I didn’t become famous.  I became a typist in a mortuary.  The antique shop Joe owned went out of business, and he became an old man working at McDonald’s. 

Tender. Monster.  Destiny.  At night when the curve of a freeway overpass moves your body closer to death and waitlessness, the lit-up McDonald’s seen down below seems the perfect beacon.  I’ve been to McDonalds’ throughout the country but I was never an adventurer.  I was an agoraphobic who would tell my hosts when they’d get home from work that I spent the whole day feeling out the city, when really I’d spend the day sleeping the sleep of store-bought pills I got in a 30%-off bin at the grocery store Nora and I used to live near.

       In college, my roommate Nora and I ended up with two cats, Blackie and Rose White. The grass and wildflowers in our back yard grazed the low slopes of hanging clotheslines. We mostly slept over at her boyfriend’s house because our own house lacked panache and never had any food in the fridge.  She’d pull her car into the space next to the trash bin, and Blackie and Rose White would gallop through the weed jungle to     greet us.  Nora and I referred to the cats as our family, though we often forgot to feed them.  Rose White ran away, and one morning I found Blackie curled up behind an old paint can in the garage, dead.

            Judy and John Freshflower owned the Chinese restaurant near Joe’s old antique shop.  What Joe and I had was the surrogate father and daughter relationship that could only be shared by a man who thought he drank too much to have his own family, and the daughter of a woman abandoned by a man who’d said he was just going out for a pack of cigarettes, just like all the fleeing husbands of the nineteen-fifties are purported to have said to their wives.  What Joe and I had with Judy and John Freshflower was the kind of friendship that people sharing the same small square of carpet in a giant city develop.  When Joe would babysit me at his shop, he’d park in a lot overlooking the alley behind his and the Freshflowers’ businesses.  Often, exiting the car, we’d find Judy sitting at the wire table she’d set up in the alley, drinking tea from the blue kettle on the table’s yellow tablecloth.

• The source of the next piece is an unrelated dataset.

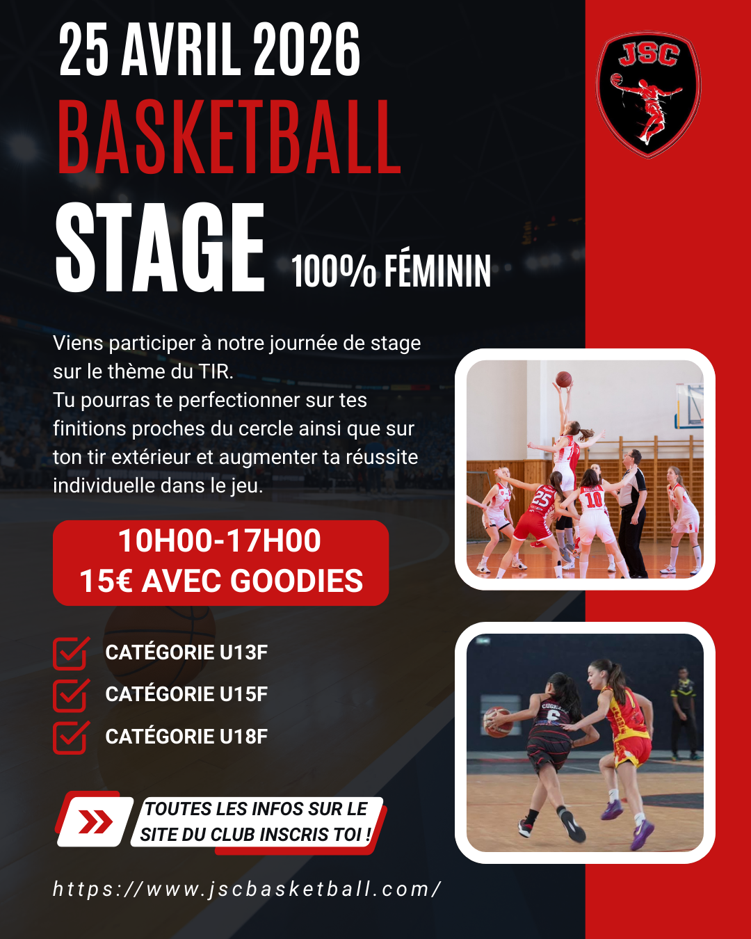 Le Club de la JSC organise son dernier stage de la saison le samedi 25 avril 2026 de 10h00 à 17h00, pour les jeunes de notre filière féminine. Il est ouvert à l’externe et payant « 15€ avec goodies ».

            One time, she let Joe pass ahead of me a little bit before stopping me.  “Young girl, I would like to show you something.”  This was our first moment.  Judy grinned a big, Americanized grin.  “Are you ready?” she asked.  She pulled back the yellow tablecloth, and there, sitting under the table, was Blackie.

            I did not know who he was then.  I didn’t yet know about time travel.  Then, I was just a quiet eleven year old. I wore my pink satin baseball-style jacket with the denim heart sewn on the back and my name written in cursive letters with fabric paint in the middle of the heart.  Years later, I would go to college in another town, where Kurt Cobain’s ghost never walked me to Planned Parenthood but where the ghost of a happier rock star would tell me, “Hey, take it easy.  You’re young and life is so cool!” and I would never listen.  Years later, I understood what Judy had revealed to me that day in the alley.  Immortality.  Tender destiny.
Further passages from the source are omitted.